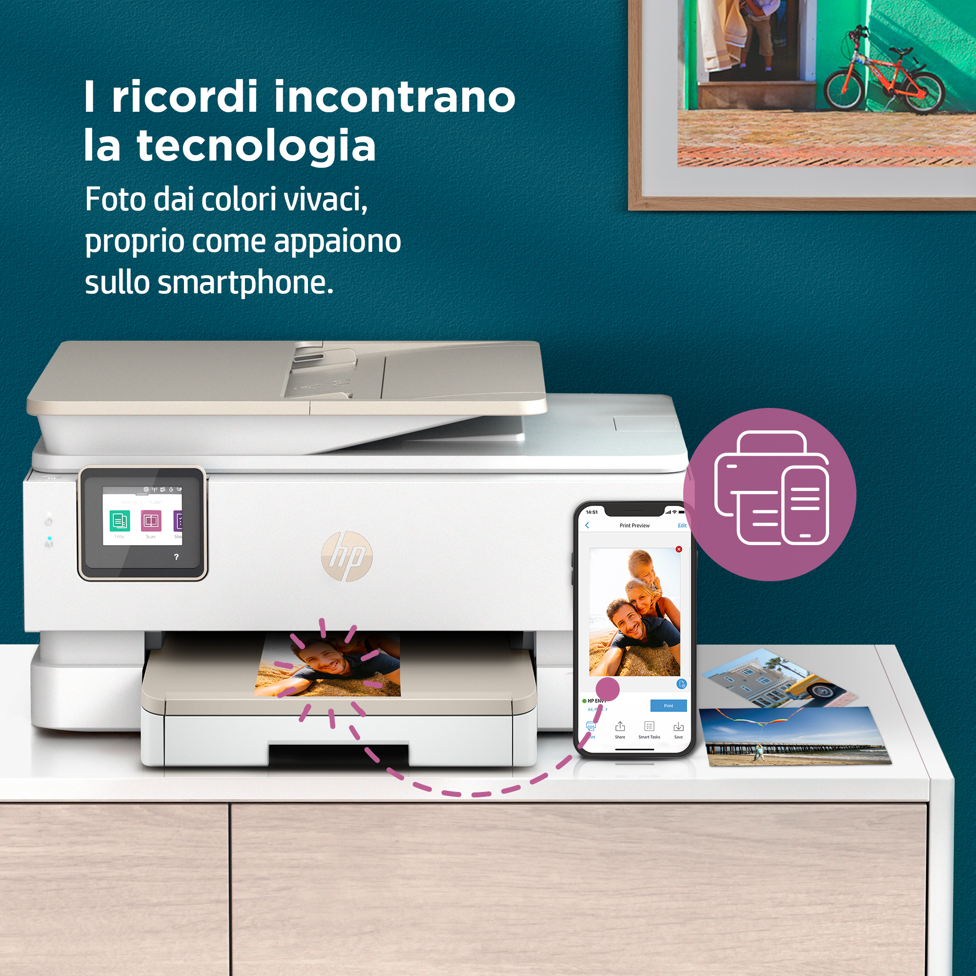 Stampante idonea a HP+. Scegli HP+ durante la procedura di configurazione della tua stampante per attivare tutti i vantaggi. HP+ richiede un account HP, una connessione a Internet continua e l'uso esclusivo delle cartucce di inchiostro Originali HP per tutta la durata di vita della stampante. Per maggiori informazioni consultare: http://www.hp.com/plus
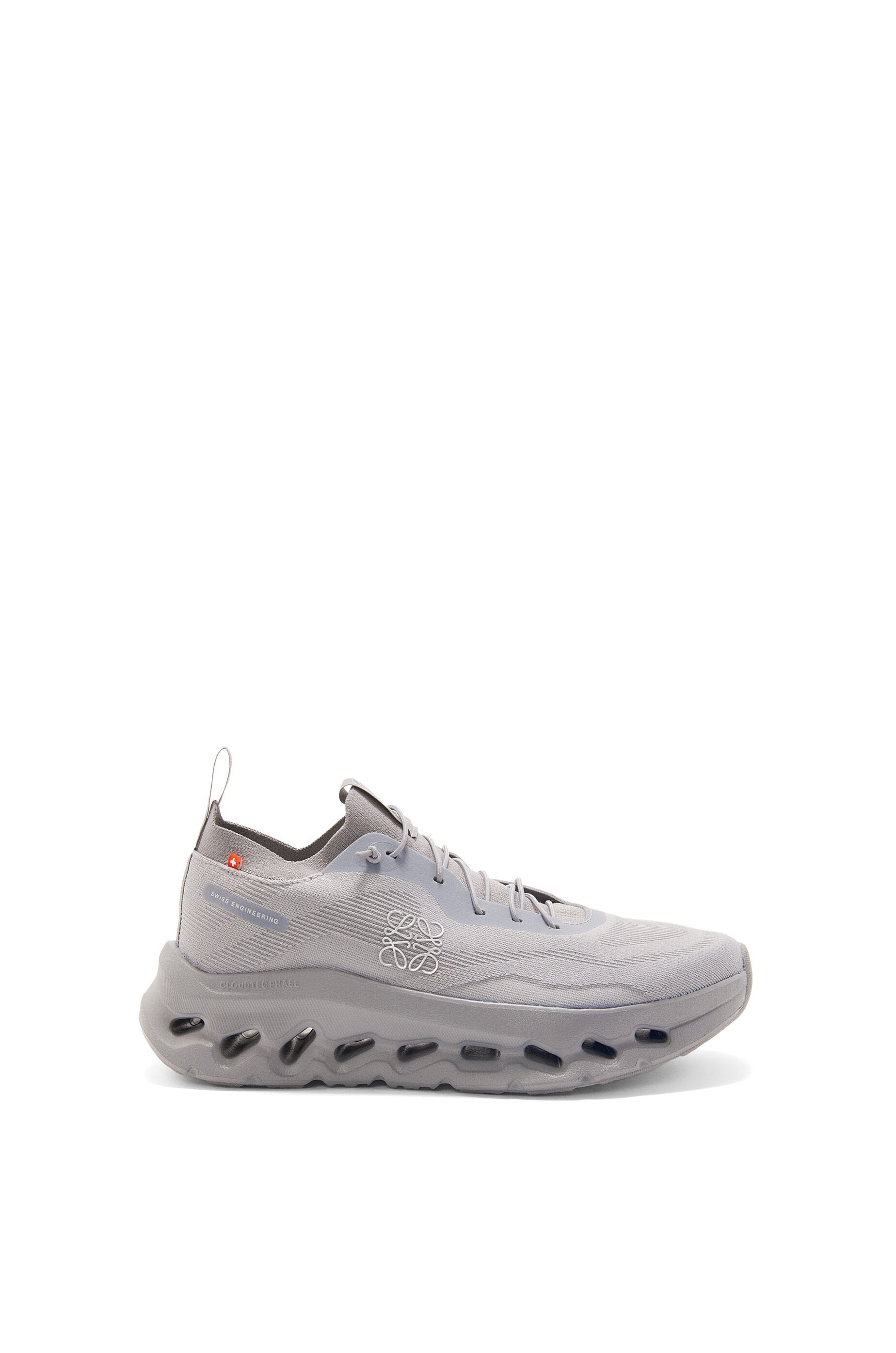 Lightweight sneaker in polyester with an engineered light foam sole and rubber pods. Characterised by a knitted mesh sock upper and speed laces for superior functionality, the Cloudtilt features the newly introduced CloudTec® Phase midsole technology for comfortable walking. - LOEWE Anagram and On logo on both sides of the shoes - Back and tongue loop for easy step in - Double laces provided - Runs small to size - if in between sizes, we suggest to order a size up. For more information, please review the size guide. Details - Colour: Slate Grey - Main material: Polyester - Weight: 0.28 kg - Model ID: M929282X15 - Made in: Vietnam
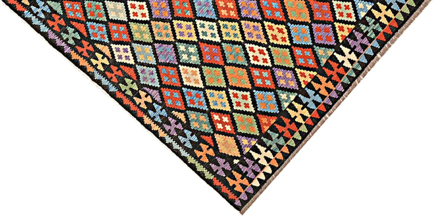 Ein handgeknüpfter Orientteppich ist nicht nur ein Bodenbelag – er ist Kunst, Kultur und Wertanlage zugleich. Mit dem Afghan Maimana Kilim Rug, 200 x 300 cm, Handwoven, Colourful, Geometric, Handmade x holen Sie sich ein Stück Geschichte in Ihre vier Wände.
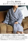 2枚のガーゼの間にパイルを織り込んだ、ふっくら立体感のあるインナーパイル仕立てのバスローブです。お風呂上がりの湯冷め防止や、リラックスタイムのガウンにぴったり。
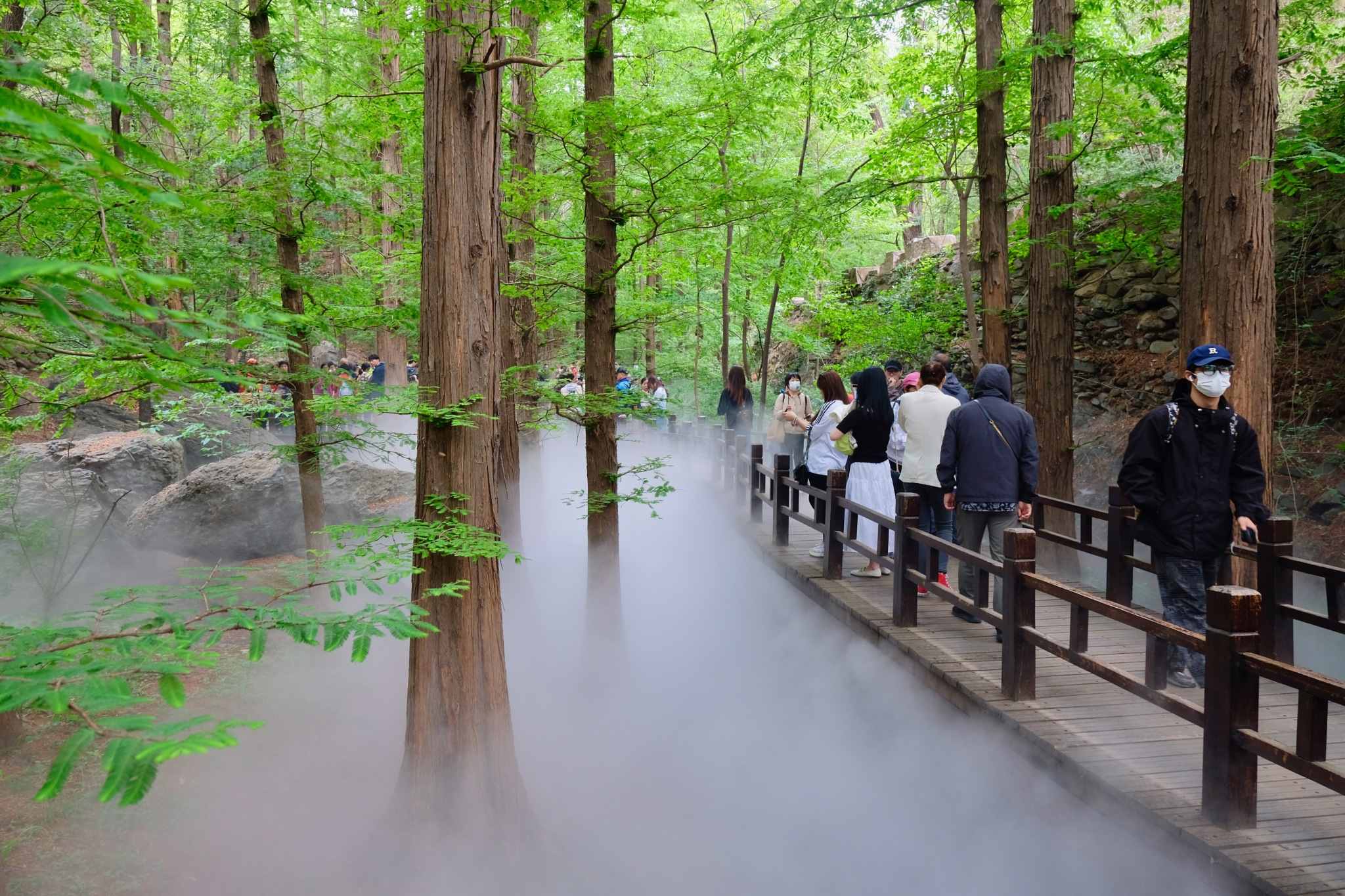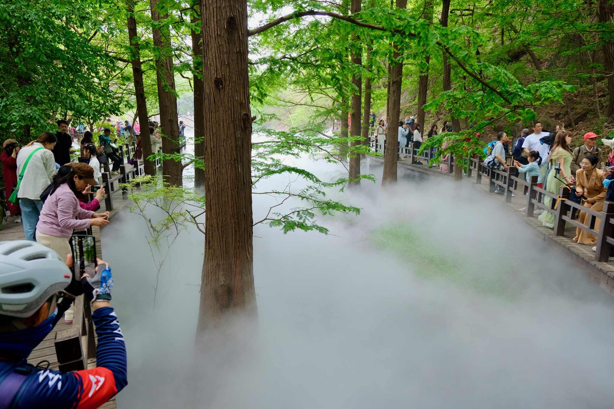 2023年5月6日,北京,立夏時(shí)節(jié),萬(wàn)物繁茂,國(guó)家植物園櫻桃溝景區(qū)“云霧繚繞”宛若“仙境”。視覺(jué)中國(guó)
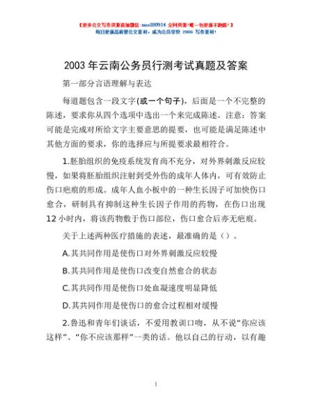 2003年云南公务员行测考试真题及答案
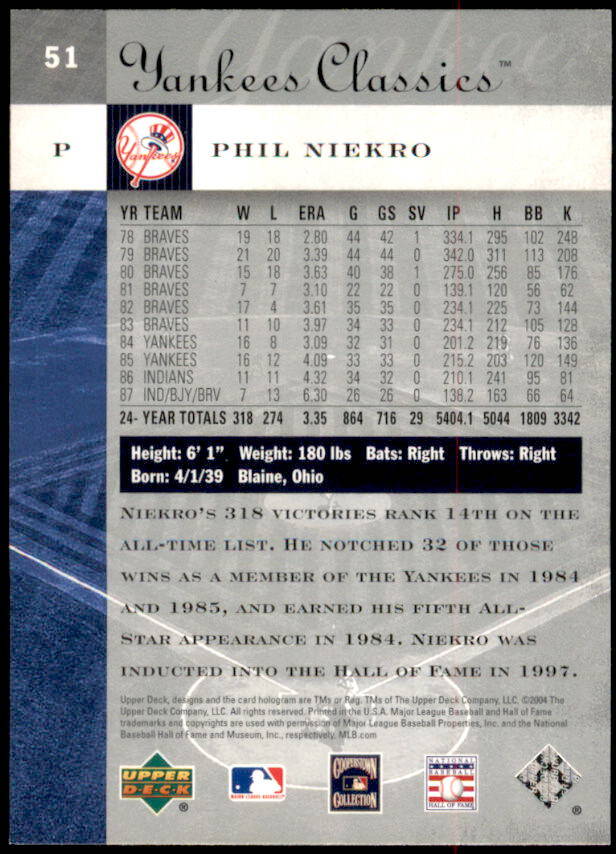 2004 Upper Deck Yankees Classics Phil Niekro (#51)
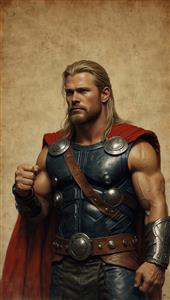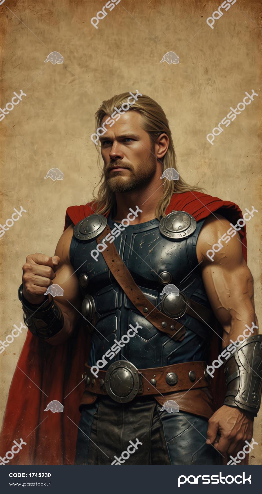 تصویر باکیفیت نیم‌تنه ثور با دست گره‌شده، پرتره قدرتمند در زره سنگی و شنل قرمز
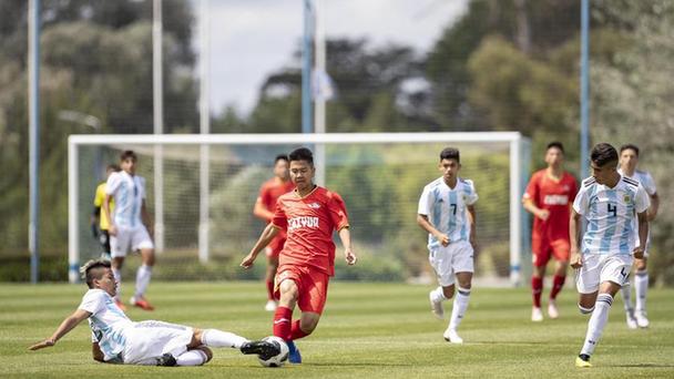 11月28日,在阿根廷布宜諾斯艾利斯的阿根廷國(guó)家足球訓(xùn)練基地,球員張文豪(左二)在訓(xùn)練賽中。來(lái)自北京體育大學(xué)中國(guó)足球運(yùn)動(dòng)學(xué)院的青少年足球運(yùn)動(dòng)員與教練員正式進(jìn)駐阿根廷國(guó)家足球訓(xùn)練基地,在這里接受30天的高水平訓(xùn)練。

= Exercise instructions =
Retype every record above word for word, leaving out any pictures.

= Task answer =
 Stampante idonea a HP+. Scegli HP+ durante la procedura di configurazione della tua stampante per attivare tutti i vantaggi. HP+ richiede un account HP, una connessione a Internet continua e l'uso esclusivo delle cartucce di inchiostro Originali HP per tutta la durata di vita della stampante. Per maggiori informazioni consultare: http://www.hp.com/plus
 Lightweight sneaker in polyester with an engineered light foam sole and rubber pods. Characterised by a knitted mesh sock upper and speed laces for superior functionality, the Cloudtilt features the newly introduced CloudTec® Phase midsole technology for comfortable walking. - LOEWE Anagram and On logo on both sides of the shoes - Back and tongue loop for easy step in - Double laces provided - Runs small to size - if in between sizes, we suggest to order a size up. For more information, please review the size guide. Details - Colour: Slate Grey - Main material: Polyester - Weight: 0.28 kg - Model ID: M929282X15 - Made in: Vietnam
 Ein handgeknüpfter Orientteppich ist nicht nur ein Bodenbelag – er ist Kunst, Kultur und Wertanlage zugleich. Mit dem Afghan Maimana Kilim Rug, 200 x 300 cm, Handwoven, Colourful, Geometric, Handmade x holen Sie sich ein Stück Geschichte in Ihre vier Wände.
 2枚のガーゼの間にパイルを織り込んだ、ふっくら立体感のあるインナーパイル仕立てのバスローブです。お風呂上がりの湯冷め防止や、リラックスタイムのガウンにぴったり。
 2023年5月6日,北京,立夏時(shí)節(jié),萬(wàn)物繁茂,國(guó)家植物園櫻桃溝景區(qū)“云霧繚繞”宛若“仙境”。視覺(jué)中國(guó)
 2003年云南公务员行测考试真题及答案
 2004 Upper Deck Yankees Classics Phil Niekro (#51)
 تصویر باکیفیت نیم‌تنه ثور با دست گره‌شده، پرتره قدرتمند در زره سنگی و شنل قرمز
 11月28日,在阿根廷布宜諾斯艾利斯的阿根廷國(guó)家足球訓(xùn)練基地,球員張文豪(左二)在訓(xùn)練賽中。來(lái)自北京體育大學(xué)中國(guó)足球運(yùn)動(dòng)學(xué)院的青少年足球運(yùn)動(dòng)員與教練員正式進(jìn)駐阿根廷國(guó)家足球訓(xùn)練基地,在這里接受30天的高水平訓(xùn)練。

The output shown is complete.